* REQUIRED ACTION
Reproduce verbatim all of the data given below, but do not carry over the images.

Start of GIVEN INFORMATION

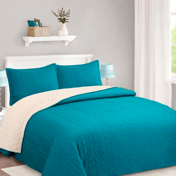 Cubrecama quilt sherpa 1.5 plazas, producto ideal para transformar tú dormitorio con estilo y elegancia.
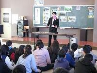 県民生活部くらし安全課の方をお招きし、低・中・高学年それぞれ1時間ずつ、交通安全教室を実施しました。クイズに答えたり、自転車シミュレーターによる「正しい自転車の乗り方」を体験しながら、危険な場面でどうすればよいのかをしっかりと学ぶことができました。新たに気づくこともあり、全校児童の交通安全への意識がさらに高まりました。
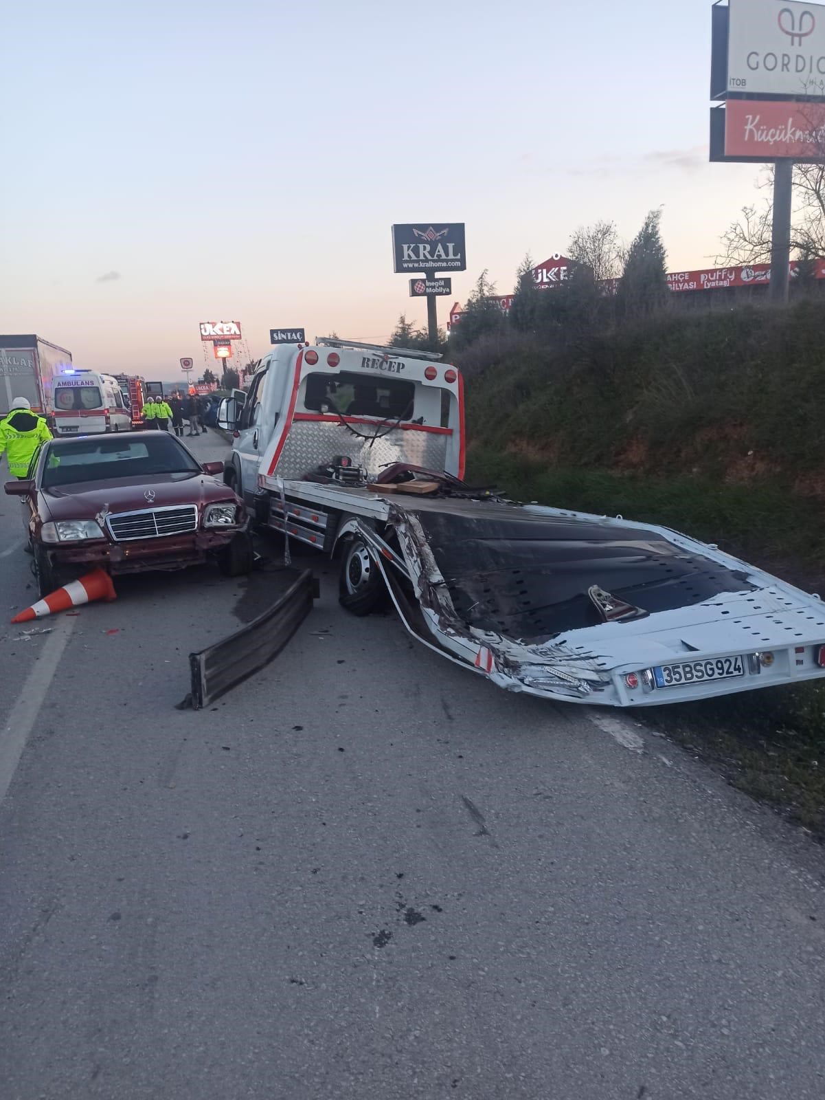 İZMİR (İHA) - Kaza, dün saat 19.00 sıralarında Süleyman Demirel Bulvarı Ayrancılar istikametinde meydana geldi. Edinilen bilgiye göre, Ahmet Toprak (38), kullandığı 35 RAY 73 plakalı çekicinin lastiğinin patlaması üzerine aracı emniyet şeridine park etti. Toprak'a yardım etmek için aynı yola giren Recep Camcı idaresindeki 35 BSG 924 plakalı çekici de bölgeye geldi. Bu esnada Muhammed S. (25) yönetimindeki 09 AOJ 265 plakalı pikap, önünde ilerleyen kamyonun sağından geçmek isterken emniyet şeridinde bulunan 2 araca çarptı. Çarpmanın şiddetiyle araç dışında olan Ahmet Toprak ve Recep Camcı havaya savruldu. Kazayı görenlerin ihbarı üzerine bölgeye polis ve sağlık ekipleri sevk edildi.
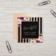 Cartão De Visita Quadrado Cabelo Floral Rosa Dourado Quadrado Cartão de visi

End of GIVEN INFORMATION

* SOLUTION FOR THIS TASK
 Cubrecama quilt sherpa 1.5 plazas, producto ideal para transformar tú dormitorio con estilo y elegancia.
 県民生活部くらし安全課の方をお招きし、低・中・高学年それぞれ1時間ずつ、交通安全教室を実施しました。クイズに答えたり、自転車シミュレーターによる「正しい自転車の乗り方」を体験しながら、危険な場面でどうすればよいのかをしっかりと学ぶことができました。新たに気づくこともあり、全校児童の交通安全への意識がさらに高まりました。
 İZMİR (İHA) - Kaza, dün saat 19.00 sıralarında Süleyman Demirel Bulvarı Ayrancılar istikametinde meydana geldi. Edinilen bilgiye göre, Ahmet Toprak (38), kullandığı 35 RAY 73 plakalı çekicinin lastiğinin patlaması üzerine aracı emniyet şeridine park etti. Toprak'a yardım etmek için aynı yola giren Recep Camcı idaresindeki 35 BSG 924 plakalı çekici de bölgeye geldi. Bu esnada Muhammed S. (25) yönetimindeki 09 AOJ 265 plakalı pikap, önünde ilerleyen kamyonun sağından geçmek isterken emniyet şeridinde bulunan 2 araca çarptı. Çarpmanın şiddetiyle araç dışında olan Ahmet Toprak ve Recep Camcı havaya savruldu. Kazayı görenlerin ihbarı üzerine bölgeye polis ve sağlık ekipleri sevk edildi.
 Cartão De Visita Quadrado Cabelo Floral Rosa Dourado Quadrado Cartão de visi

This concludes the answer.